What the task asks
Reproduce from the records below, with no pictures, exactly the lines between the one containing "在现场为宠物犬完成腹部影像拍" and the one containing "25) –4(5 – 2m)", inclusive.

Information
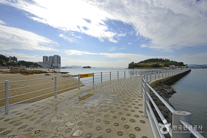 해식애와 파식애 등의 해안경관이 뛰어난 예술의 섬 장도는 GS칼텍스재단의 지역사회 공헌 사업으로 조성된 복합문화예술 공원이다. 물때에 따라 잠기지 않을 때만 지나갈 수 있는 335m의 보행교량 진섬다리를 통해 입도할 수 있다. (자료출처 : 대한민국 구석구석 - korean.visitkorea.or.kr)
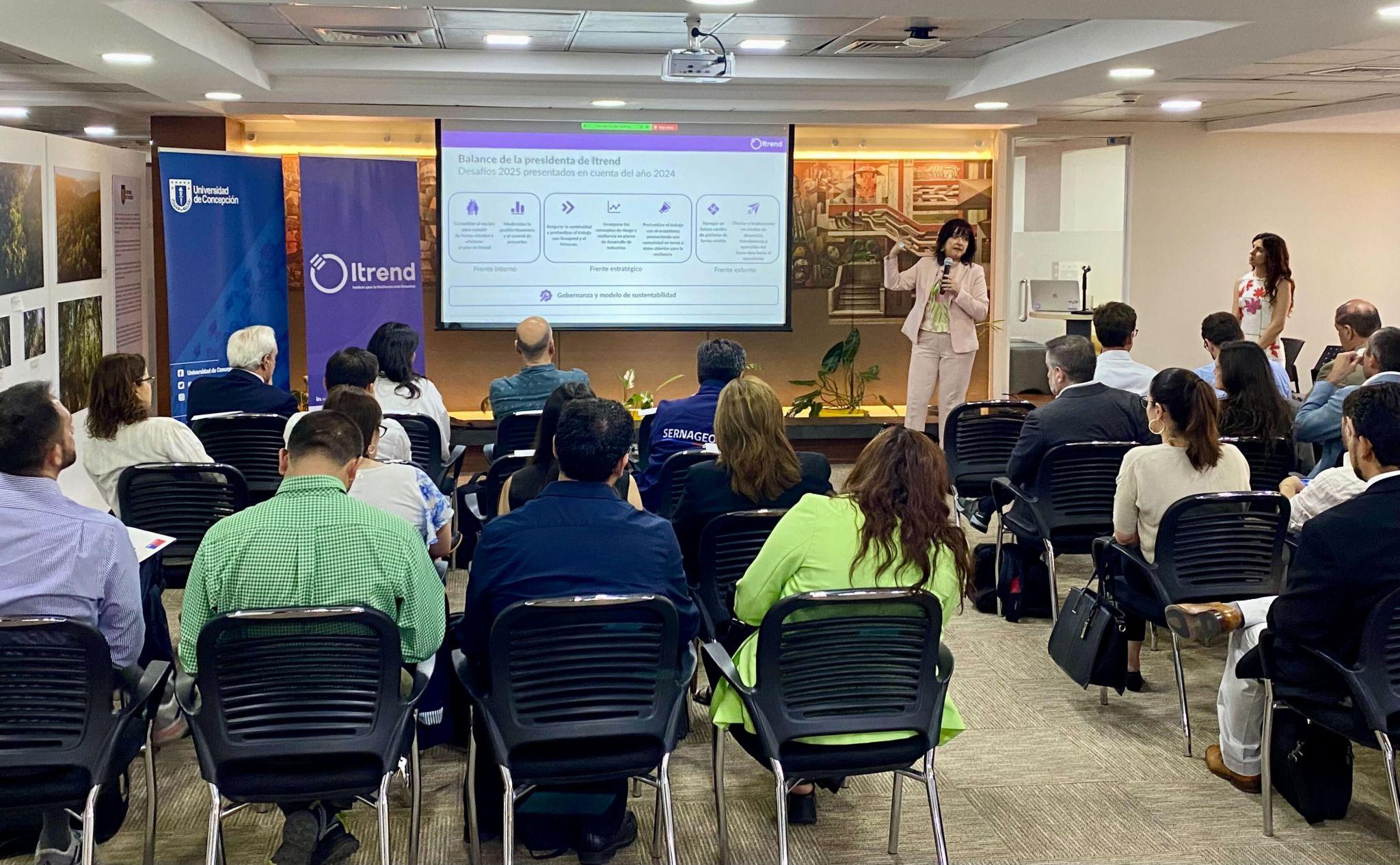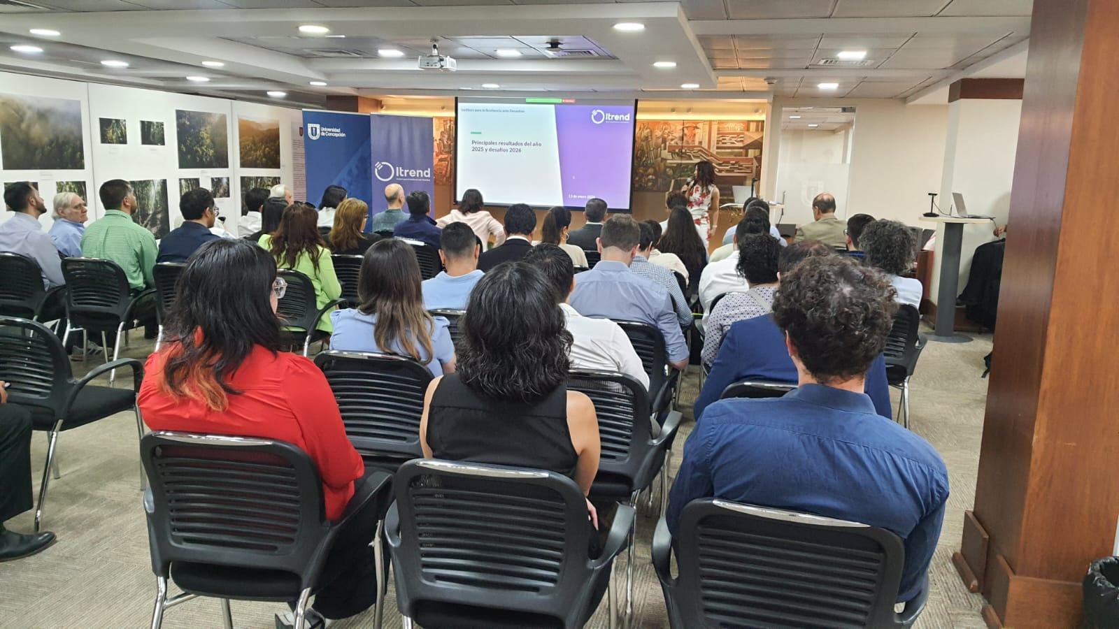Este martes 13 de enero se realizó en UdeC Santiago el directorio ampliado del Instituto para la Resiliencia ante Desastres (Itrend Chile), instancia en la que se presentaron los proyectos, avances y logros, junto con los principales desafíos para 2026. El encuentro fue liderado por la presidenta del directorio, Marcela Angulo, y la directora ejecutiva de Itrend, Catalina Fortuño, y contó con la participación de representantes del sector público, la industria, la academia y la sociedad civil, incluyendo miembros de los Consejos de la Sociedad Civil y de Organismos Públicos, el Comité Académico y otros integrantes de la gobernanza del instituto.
==
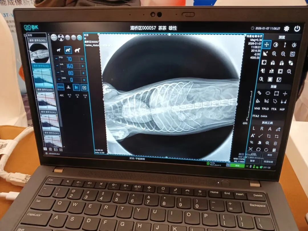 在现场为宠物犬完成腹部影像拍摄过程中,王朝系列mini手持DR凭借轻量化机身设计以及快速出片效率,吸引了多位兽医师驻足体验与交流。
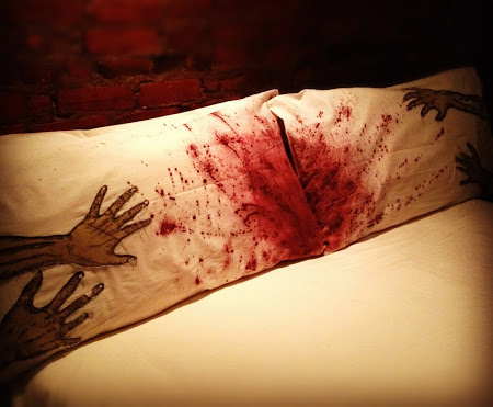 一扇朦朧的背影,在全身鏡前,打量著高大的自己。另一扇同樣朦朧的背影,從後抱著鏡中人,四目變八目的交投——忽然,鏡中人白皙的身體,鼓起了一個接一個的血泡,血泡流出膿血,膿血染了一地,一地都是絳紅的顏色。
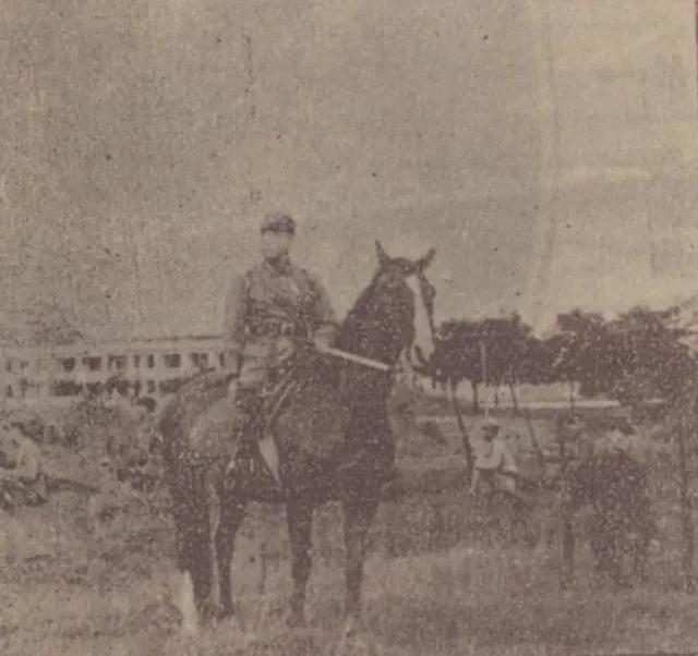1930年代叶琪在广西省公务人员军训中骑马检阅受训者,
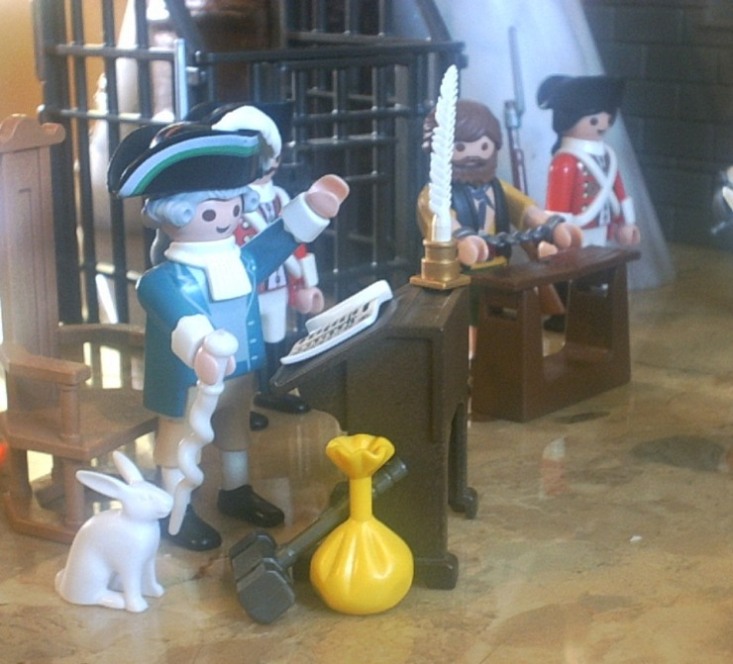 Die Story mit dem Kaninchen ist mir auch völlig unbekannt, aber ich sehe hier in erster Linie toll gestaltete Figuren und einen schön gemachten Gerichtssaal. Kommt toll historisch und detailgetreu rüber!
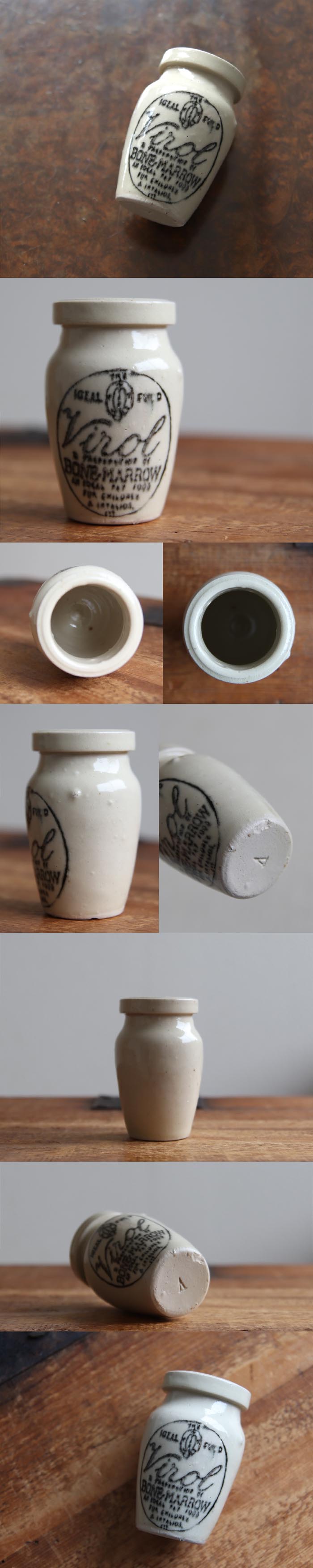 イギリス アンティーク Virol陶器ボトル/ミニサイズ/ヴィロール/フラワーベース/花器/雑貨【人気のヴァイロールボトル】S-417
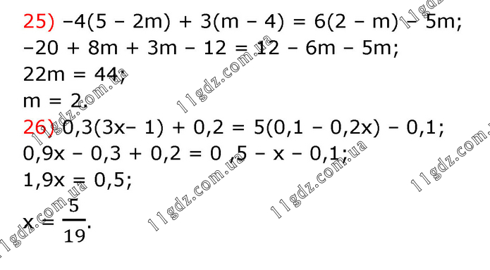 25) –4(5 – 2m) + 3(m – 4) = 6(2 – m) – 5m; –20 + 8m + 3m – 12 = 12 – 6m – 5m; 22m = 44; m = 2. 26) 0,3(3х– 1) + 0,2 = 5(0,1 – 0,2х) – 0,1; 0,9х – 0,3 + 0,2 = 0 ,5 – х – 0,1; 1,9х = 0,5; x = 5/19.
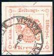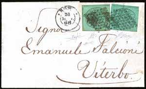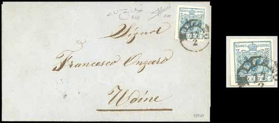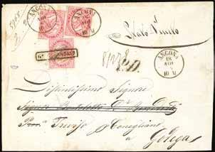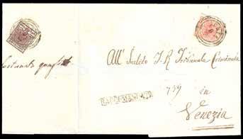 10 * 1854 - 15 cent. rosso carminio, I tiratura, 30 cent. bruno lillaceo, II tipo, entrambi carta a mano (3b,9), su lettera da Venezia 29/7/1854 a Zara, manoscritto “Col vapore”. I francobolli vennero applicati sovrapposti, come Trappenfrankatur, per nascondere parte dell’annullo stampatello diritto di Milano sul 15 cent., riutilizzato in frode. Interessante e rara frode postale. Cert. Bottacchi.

Expected output
 在现场为宠物犬完成腹部影像拍摄过程中,王朝系列mini手持DR凭借轻量化机身设计以及快速出片效率,吸引了多位兽医师驻足体验与交流。
 一扇朦朧的背影,在全身鏡前,打量著高大的自己。另一扇同樣朦朧的背影,從後抱著鏡中人,四目變八目的交投——忽然,鏡中人白皙的身體,鼓起了一個接一個的血泡,血泡流出膿血,膿血染了一地,一地都是絳紅的顏色。
1930年代叶琪在广西省公务人员军训中骑马检阅受训者,
 Die Story mit dem Kaninchen ist mir auch völlig unbekannt, aber ich sehe hier in erster Linie toll gestaltete Figuren und einen schön gemachten Gerichtssaal. Kommt toll historisch und detailgetreu rüber!
 イギリス アンティーク Virol陶器ボトル/ミニサイズ/ヴィロール/フラワーベース/花器/雑貨【人気のヴァイロールボトル】S-417
 25) –4(5 – 2m) + 3(m – 4) = 6(2 – m) – 5m; –20 + 8m + 3m – 12 = 12 – 6m – 5m; 22m = 44; m = 2. 26) 0,3(3х– 1) + 0,2 = 5(0,1 – 0,2х) – 0,1; 0,9х – 0,3 + 0,2 = 0 ,5 – х – 0,1; 1,9х = 0,5; x = 5/19.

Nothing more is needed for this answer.